Extracted data:
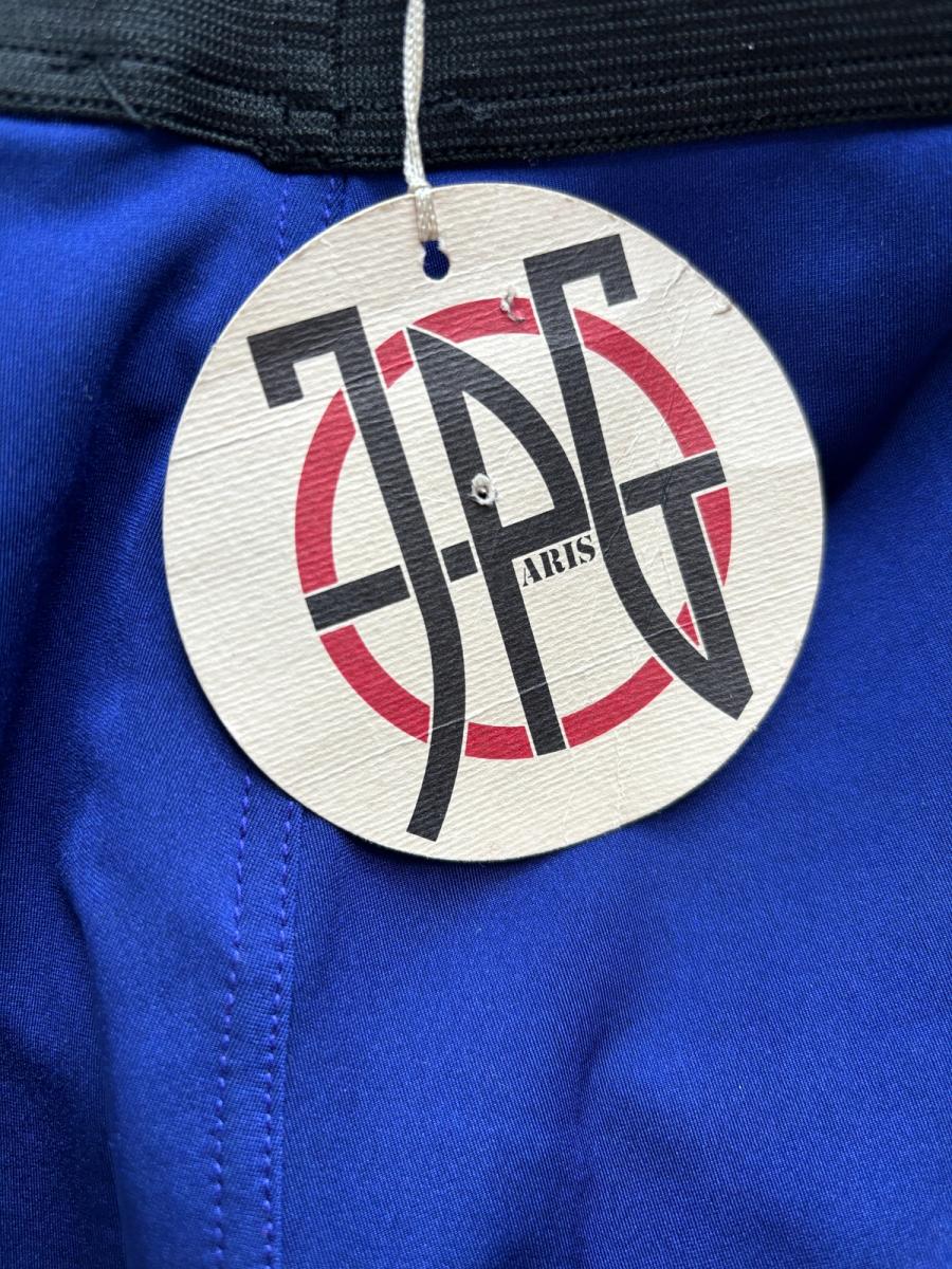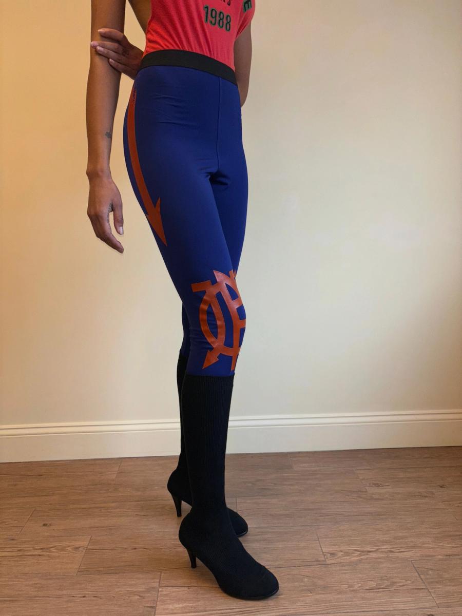 Deadstock 90s Jean-Paul Gaultier leggings with arrow and logo design. The leggings are a striking blue color and quite stretchy. They're in excellent condition and have their original tags. Marked a size large. Made in Italy.
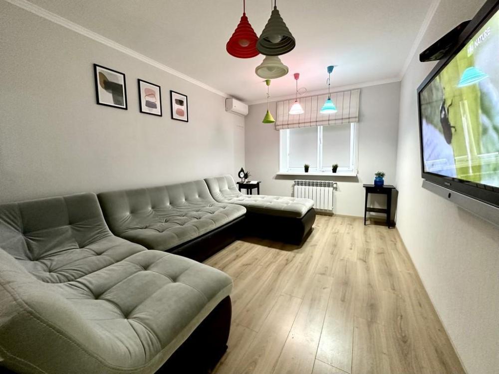 В КВАРТИРЕ ИМЕЮТСЯ: Кондиционер; ЖК-телевизор с подключенным кабельным ТВ; Комплект хлопкового постельного белья и полотенца; Бытовая техника (стиральная машинка, СВЧ-печь, холодильник, плита, чайник, утюг, фен); Средства для личной гигиены (шампунь, гель для душа, мыло); Посуда для приготовления пищи; Гладильная доска и сушилка. Цена зависит от количества проживающих, срока проживания, а также дня недели бронирования.
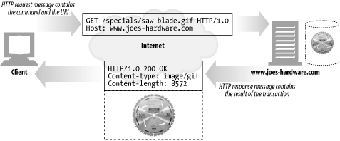 HTTP transaction은 요청 명령과 응답 결과로 구성된다. 이러한 상호작용은 그림과 같이 HTTP message라고 불리는 정형화된 데이터를 이용해 이루어진다.
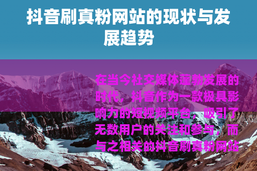 在当今社交媒体蓬勃发展的时代,抖音作为一款极具影响力的短视频平台,吸引了无数用户的关注和参与,而与之相关的抖音刷真粉网站也在悄然兴起,成为了一个备受瞩目的话题。
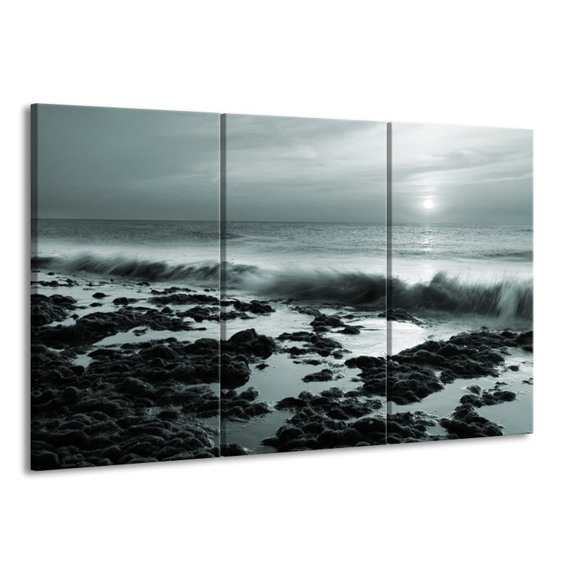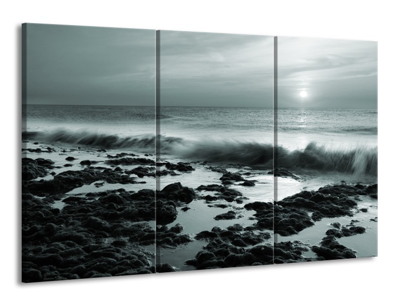 Canvas Schilderij Zee, Strand | Grijs, Groen | 165x100cm 3Luik
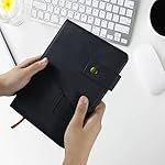 ★ Gusseted DESIGN – Gusseted Pocket DESIGN and Cardboard Bound Cover,metal buckle helps keep notebook securely closed, making it easy to write in the notebook from near to anywhere. This notebook provide you a prime quality writing experience.Expandable Gusseted pocket for stashing loose notes,business cards, receipts, mobile phone, or other small items.
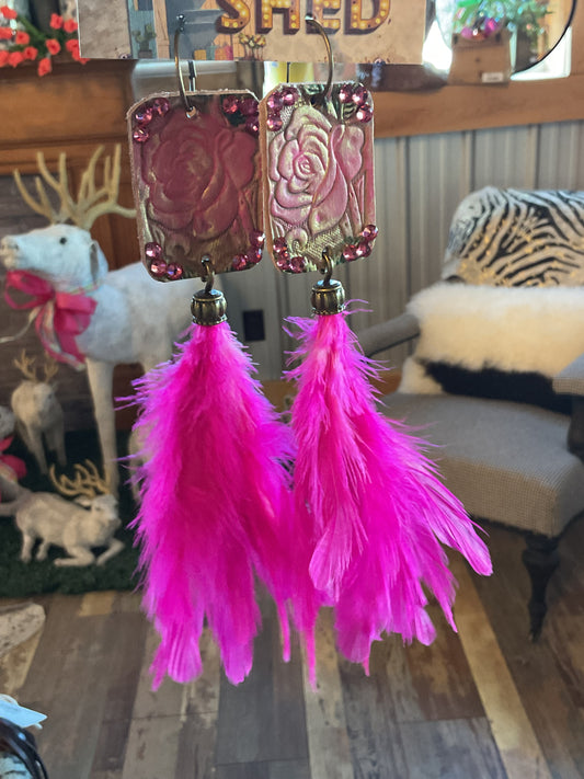 Rose & Pink Feather Earring
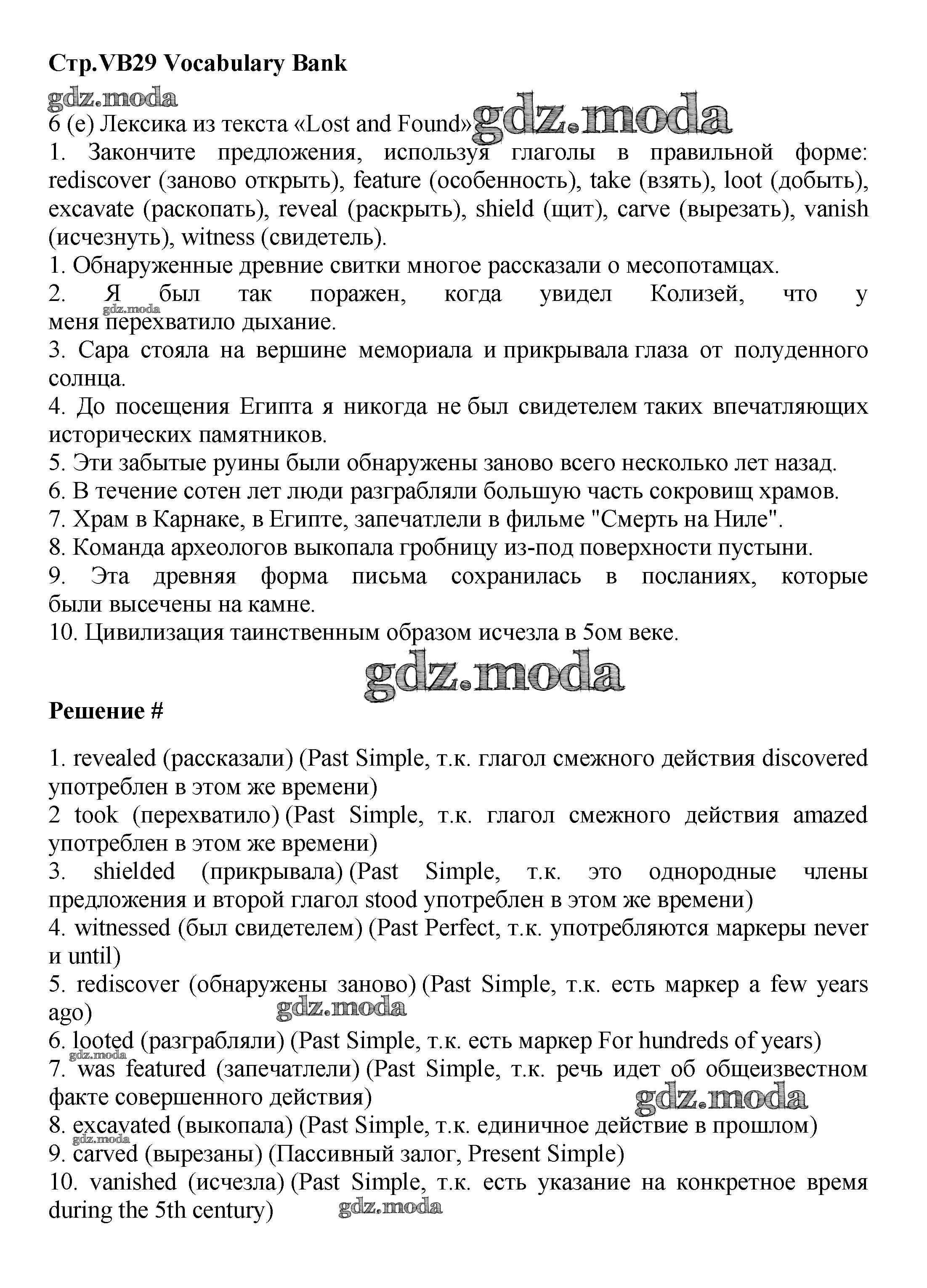 ГДЗ решение к заданию № VB29 Английский язык 9 класс Starlight Баранова К.М. Просвещение 2017 Углубленный уровень ФГОС бесплатно на гдз.мода!
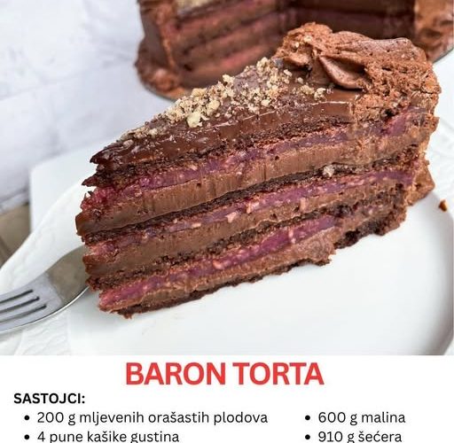 Baron torta nije obična torta – to je desert koji se pamti, koji se ne jede žurno, već polako, u tišini, dok se svaka nota ukusa topi na jeziku. Sastoji se od četiri čokoladne kore, bogatog čokoladnog fila i neodoljivog voćnog sloja od malina, koji unosi svježinu i kontrast. Ono što je posebno privlačno jeste to što svaka komponenta može da se prilagodi – od vrste orašastih plodova do jačine čokoladnog ukusa.
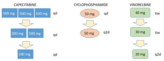- Munzone, E.; Regan, M.M.; Cinieri, S.; Montagna, E.; Orlando, L.; Shi, R.; Campadelli, E.; Gianni, L.; De Giorgi, U.F.F.; Bengala, C.; et al. A Randomized Phase II Trial of Metronomic Oral Vinorelbine plus Cyclophosphamide and Capecitabine (VEX) vs Weekly Paclitaxel (P) as First- or Secon... | OncologyPRO. In Proceedings of the ESMO Annual Meeting; Elsevier: Amsterdam, The Netherlands, 2022. [Google Scholar]

What the task requires: Lines from the start of the listing above through the line holding "Canvas Schilderij Zee, Strand" are to be duplicated exactly, and nothing more; leave out the pictures.

Response to this task:
 Deadstock 90s Jean-Paul Gaultier leggings with arrow and logo design. The leggings are a striking blue color and quite stretchy. They're in excellent condition and have their original tags. Marked a size large. Made in Italy.
 В КВАРТИРЕ ИМЕЮТСЯ: Кондиционер; ЖК-телевизор с подключенным кабельным ТВ; Комплект хлопкового постельного белья и полотенца; Бытовая техника (стиральная машинка, СВЧ-печь, холодильник, плита, чайник, утюг, фен); Средства для личной гигиены (шампунь, гель для душа, мыло); Посуда для приготовления пищи; Гладильная доска и сушилка. Цена зависит от количества проживающих, срока проживания, а также дня недели бронирования.
 HTTP transaction은 요청 명령과 응답 결과로 구성된다. 이러한 상호작용은 그림과 같이 HTTP message라고 불리는 정형화된 데이터를 이용해 이루어진다.
 在当今社交媒体蓬勃发展的时代,抖音作为一款极具影响力的短视频平台,吸引了无数用户的关注和参与,而与之相关的抖音刷真粉网站也在悄然兴起,成为了一个备受瞩目的话题。
 Canvas Schilderij Zee, Strand | Grijs, Groen | 165x100cm 3Luik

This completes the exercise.